About this task: Take the lines below between the one holding "後來「Poets Square Cats」將悲傷嘴珊姆的故事分享到網路上,被一名住在麻塞諸塞州的女子凱特(Kate" and the one holding "ಚಿಕ್ಕಮಗಳೂರು: ಕಾಫಿನಾಡಿನಲ್ಲಿ ಕಾಡಾನೆ", inclusive, and copy them exactly. Add nothing.

=== Listed records ===

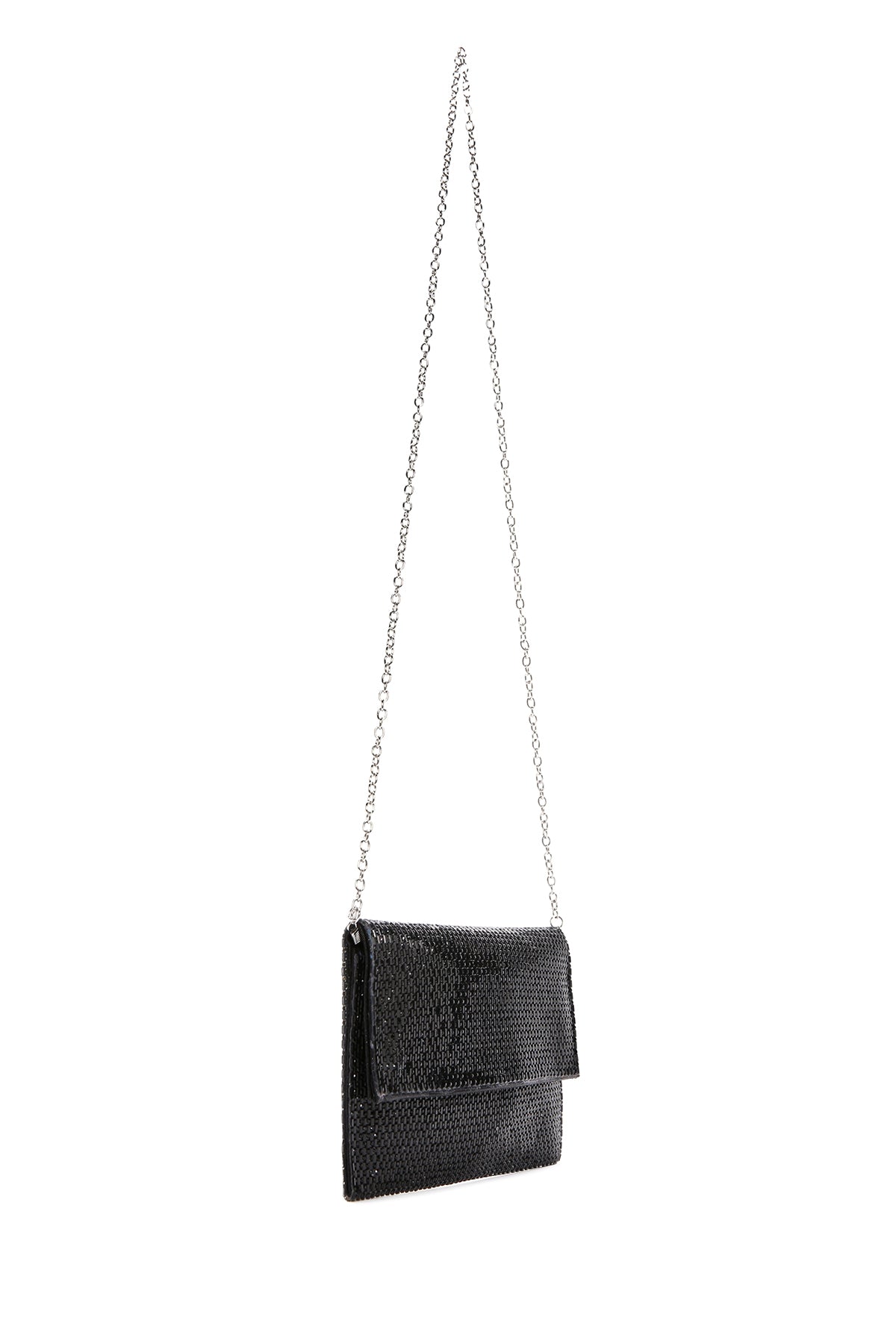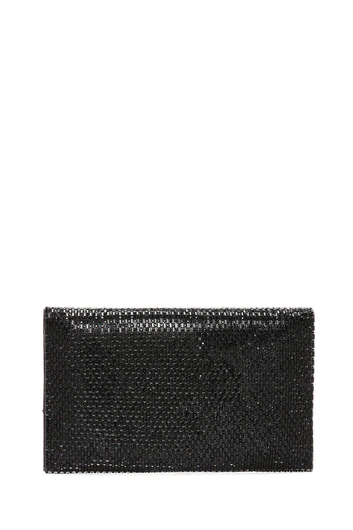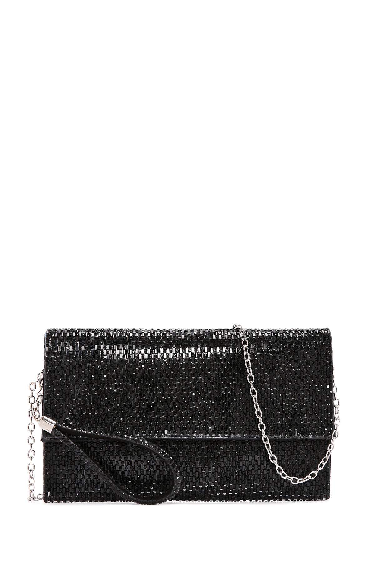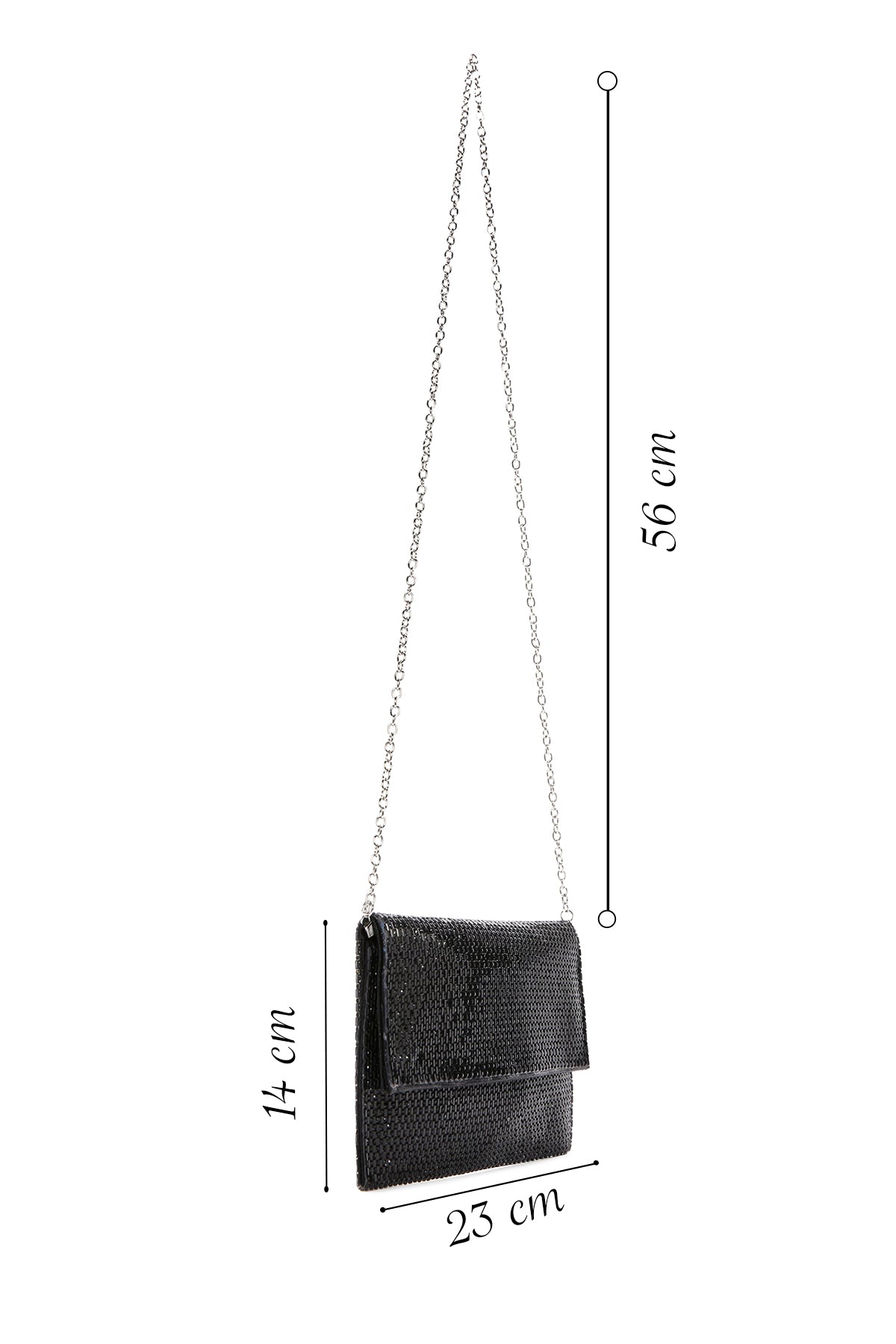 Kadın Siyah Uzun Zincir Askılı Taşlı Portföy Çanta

===
=== Listed records ===

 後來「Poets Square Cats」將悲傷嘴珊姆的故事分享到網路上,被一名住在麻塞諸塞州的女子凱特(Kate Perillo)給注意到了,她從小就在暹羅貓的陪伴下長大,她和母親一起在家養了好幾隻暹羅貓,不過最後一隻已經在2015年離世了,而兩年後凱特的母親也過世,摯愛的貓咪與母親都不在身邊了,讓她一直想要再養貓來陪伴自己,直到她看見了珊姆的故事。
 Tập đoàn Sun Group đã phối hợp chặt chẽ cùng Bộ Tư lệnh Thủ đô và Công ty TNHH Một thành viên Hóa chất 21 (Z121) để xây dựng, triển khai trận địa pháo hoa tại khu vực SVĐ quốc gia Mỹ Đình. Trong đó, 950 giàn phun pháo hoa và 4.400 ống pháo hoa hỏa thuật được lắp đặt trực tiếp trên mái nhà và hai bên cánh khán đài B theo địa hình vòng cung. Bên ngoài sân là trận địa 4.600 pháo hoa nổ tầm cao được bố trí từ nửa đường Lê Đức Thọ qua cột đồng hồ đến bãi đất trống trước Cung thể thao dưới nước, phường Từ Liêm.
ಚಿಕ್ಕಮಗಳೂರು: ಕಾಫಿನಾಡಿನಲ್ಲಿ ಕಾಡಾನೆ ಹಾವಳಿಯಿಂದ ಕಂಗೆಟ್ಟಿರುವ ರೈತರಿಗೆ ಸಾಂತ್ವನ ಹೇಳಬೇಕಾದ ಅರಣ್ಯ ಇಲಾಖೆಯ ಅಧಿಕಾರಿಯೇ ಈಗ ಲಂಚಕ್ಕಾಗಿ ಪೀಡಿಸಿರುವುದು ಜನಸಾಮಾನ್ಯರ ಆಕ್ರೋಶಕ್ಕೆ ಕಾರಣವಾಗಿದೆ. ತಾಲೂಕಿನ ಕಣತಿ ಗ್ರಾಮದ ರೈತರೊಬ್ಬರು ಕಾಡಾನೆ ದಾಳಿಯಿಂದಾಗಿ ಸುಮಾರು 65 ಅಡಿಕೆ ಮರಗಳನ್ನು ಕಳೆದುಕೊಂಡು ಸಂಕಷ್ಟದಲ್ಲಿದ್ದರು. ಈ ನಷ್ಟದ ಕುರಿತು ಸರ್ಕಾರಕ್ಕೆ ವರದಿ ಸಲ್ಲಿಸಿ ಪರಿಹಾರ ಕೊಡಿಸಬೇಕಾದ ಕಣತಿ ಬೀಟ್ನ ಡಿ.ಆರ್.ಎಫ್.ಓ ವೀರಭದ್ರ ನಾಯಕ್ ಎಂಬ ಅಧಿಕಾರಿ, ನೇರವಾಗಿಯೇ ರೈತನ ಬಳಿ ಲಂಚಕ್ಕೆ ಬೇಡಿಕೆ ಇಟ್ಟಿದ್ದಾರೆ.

===

Response:
 後來「Poets Square Cats」將悲傷嘴珊姆的故事分享到網路上,被一名住在麻塞諸塞州的女子凱特(Kate Perillo)給注意到了,她從小就在暹羅貓的陪伴下長大,她和母親一起在家養了好幾隻暹羅貓,不過最後一隻已經在2015年離世了,而兩年後凱特的母親也過世,摯愛的貓咪與母親都不在身邊了,讓她一直想要再養貓來陪伴自己,直到她看見了珊姆的故事。
 Tập đoàn Sun Group đã phối hợp chặt chẽ cùng Bộ Tư lệnh Thủ đô và Công ty TNHH Một thành viên Hóa chất 21 (Z121) để xây dựng, triển khai trận địa pháo hoa tại khu vực SVĐ quốc gia Mỹ Đình. Trong đó, 950 giàn phun pháo hoa và 4.400 ống pháo hoa hỏa thuật được lắp đặt trực tiếp trên mái nhà và hai bên cánh khán đài B theo địa hình vòng cung. Bên ngoài sân là trận địa 4.600 pháo hoa nổ tầm cao được bố trí từ nửa đường Lê Đức Thọ qua cột đồng hồ đến bãi đất trống trước Cung thể thao dưới nước, phường Từ Liêm.
ಚಿಕ್ಕಮಗಳೂರು: ಕಾಫಿನಾಡಿನಲ್ಲಿ ಕಾಡಾನೆ ಹಾವಳಿಯಿಂದ ಕಂಗೆಟ್ಟಿರುವ ರೈತರಿಗೆ ಸಾಂತ್ವನ ಹೇಳಬೇಕಾದ ಅರಣ್ಯ ಇಲಾಖೆಯ ಅಧಿಕಾರಿಯೇ ಈಗ ಲಂಚಕ್ಕಾಗಿ ಪೀಡಿಸಿರುವುದು ಜನಸಾಮಾನ್ಯರ ಆಕ್ರೋಶಕ್ಕೆ ಕಾರಣವಾಗಿದೆ. ತಾಲೂಕಿನ ಕಣತಿ ಗ್ರಾಮದ ರೈತರೊಬ್ಬರು ಕಾಡಾನೆ ದಾಳಿಯಿಂದಾಗಿ ಸುಮಾರು 65 ಅಡಿಕೆ ಮರಗಳನ್ನು ಕಳೆದುಕೊಂಡು ಸಂಕಷ್ಟದಲ್ಲಿದ್ದರು. ಈ ನಷ್ಟದ ಕುರಿತು ಸರ್ಕಾರಕ್ಕೆ ವರದಿ ಸಲ್ಲಿಸಿ ಪರಿಹಾರ ಕೊಡಿಸಬೇಕಾದ ಕಣತಿ ಬೀಟ್ನ ಡಿ.ಆರ್.ಎಫ್.ಓ ವೀರಭದ್ರ ನಾಯಕ್ ಎಂಬ ಅಧಿಕಾರಿ, ನೇರವಾಗಿಯೇ ರೈತನ ಬಳಿ ಲಂಚಕ್ಕೆ ಬೇಡಿಕೆ ಇಟ್ಟಿದ್ದಾರೆ.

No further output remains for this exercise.